----- Listed entries
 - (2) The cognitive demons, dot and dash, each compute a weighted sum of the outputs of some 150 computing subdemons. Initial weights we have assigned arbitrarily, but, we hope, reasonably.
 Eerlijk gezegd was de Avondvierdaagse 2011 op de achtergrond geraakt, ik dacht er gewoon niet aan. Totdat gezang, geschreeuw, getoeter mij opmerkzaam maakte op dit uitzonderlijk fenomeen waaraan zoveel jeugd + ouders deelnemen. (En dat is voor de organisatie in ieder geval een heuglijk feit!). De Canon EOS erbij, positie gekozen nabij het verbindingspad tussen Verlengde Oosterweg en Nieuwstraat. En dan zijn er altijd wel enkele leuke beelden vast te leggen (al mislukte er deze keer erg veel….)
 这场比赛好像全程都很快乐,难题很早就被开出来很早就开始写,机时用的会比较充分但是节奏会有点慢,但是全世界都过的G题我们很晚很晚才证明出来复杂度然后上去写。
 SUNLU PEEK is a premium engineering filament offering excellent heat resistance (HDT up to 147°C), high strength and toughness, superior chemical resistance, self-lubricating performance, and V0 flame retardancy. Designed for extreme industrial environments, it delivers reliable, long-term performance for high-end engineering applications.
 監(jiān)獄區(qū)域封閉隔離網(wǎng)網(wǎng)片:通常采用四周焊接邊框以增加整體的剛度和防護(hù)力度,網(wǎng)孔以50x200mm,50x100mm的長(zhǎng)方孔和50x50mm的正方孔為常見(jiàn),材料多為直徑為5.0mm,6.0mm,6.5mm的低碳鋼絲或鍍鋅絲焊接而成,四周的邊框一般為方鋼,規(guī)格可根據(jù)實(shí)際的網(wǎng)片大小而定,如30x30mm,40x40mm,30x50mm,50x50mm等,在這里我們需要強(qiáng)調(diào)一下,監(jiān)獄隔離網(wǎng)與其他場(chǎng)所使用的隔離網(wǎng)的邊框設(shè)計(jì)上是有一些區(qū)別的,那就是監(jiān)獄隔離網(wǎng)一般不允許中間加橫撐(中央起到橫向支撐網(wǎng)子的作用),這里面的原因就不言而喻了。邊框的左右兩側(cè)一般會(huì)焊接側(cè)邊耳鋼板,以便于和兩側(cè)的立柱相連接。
----------
----- Listed entries
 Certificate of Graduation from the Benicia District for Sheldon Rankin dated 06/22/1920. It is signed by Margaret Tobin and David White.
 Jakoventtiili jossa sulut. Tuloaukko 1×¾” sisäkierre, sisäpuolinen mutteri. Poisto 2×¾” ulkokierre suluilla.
----------
__What you should do__
Reproduce exactly, and with no other material, the lines between those holding "- (2) The cognitive" and "監(jiān)獄區(qū)域", inclusive.

__Solved problem__
 - (2) The cognitive demons, dot and dash, each compute a weighted sum of the outputs of some 150 computing subdemons. Initial weights we have assigned arbitrarily, but, we hope, reasonably.
 Eerlijk gezegd was de Avondvierdaagse 2011 op de achtergrond geraakt, ik dacht er gewoon niet aan. Totdat gezang, geschreeuw, getoeter mij opmerkzaam maakte op dit uitzonderlijk fenomeen waaraan zoveel jeugd + ouders deelnemen. (En dat is voor de organisatie in ieder geval een heuglijk feit!). De Canon EOS erbij, positie gekozen nabij het verbindingspad tussen Verlengde Oosterweg en Nieuwstraat. En dan zijn er altijd wel enkele leuke beelden vast te leggen (al mislukte er deze keer erg veel….)
 这场比赛好像全程都很快乐,难题很早就被开出来很早就开始写,机时用的会比较充分但是节奏会有点慢,但是全世界都过的G题我们很晚很晚才证明出来复杂度然后上去写。
 SUNLU PEEK is a premium engineering filament offering excellent heat resistance (HDT up to 147°C), high strength and toughness, superior chemical resistance, self-lubricating performance, and V0 flame retardancy. Designed for extreme industrial environments, it delivers reliable, long-term performance for high-end engineering applications.
 監(jiān)獄區(qū)域封閉隔離網(wǎng)網(wǎng)片:通常采用四周焊接邊框以增加整體的剛度和防護(hù)力度,網(wǎng)孔以50x200mm,50x100mm的長(zhǎng)方孔和50x50mm的正方孔為常見(jiàn),材料多為直徑為5.0mm,6.0mm,6.5mm的低碳鋼絲或鍍鋅絲焊接而成,四周的邊框一般為方鋼,規(guī)格可根據(jù)實(shí)際的網(wǎng)片大小而定,如30x30mm,40x40mm,30x50mm,50x50mm等,在這里我們需要強(qiáng)調(diào)一下,監(jiān)獄隔離網(wǎng)與其他場(chǎng)所使用的隔離網(wǎng)的邊框設(shè)計(jì)上是有一些區(qū)別的,那就是監(jiān)獄隔離網(wǎng)一般不允許中間加橫撐(中央起到橫向支撐網(wǎng)子的作用),這里面的原因就不言而喻了。邊框的左右兩側(cè)一般會(huì)焊接側(cè)邊耳鋼板,以便于和兩側(cè)的立柱相連接。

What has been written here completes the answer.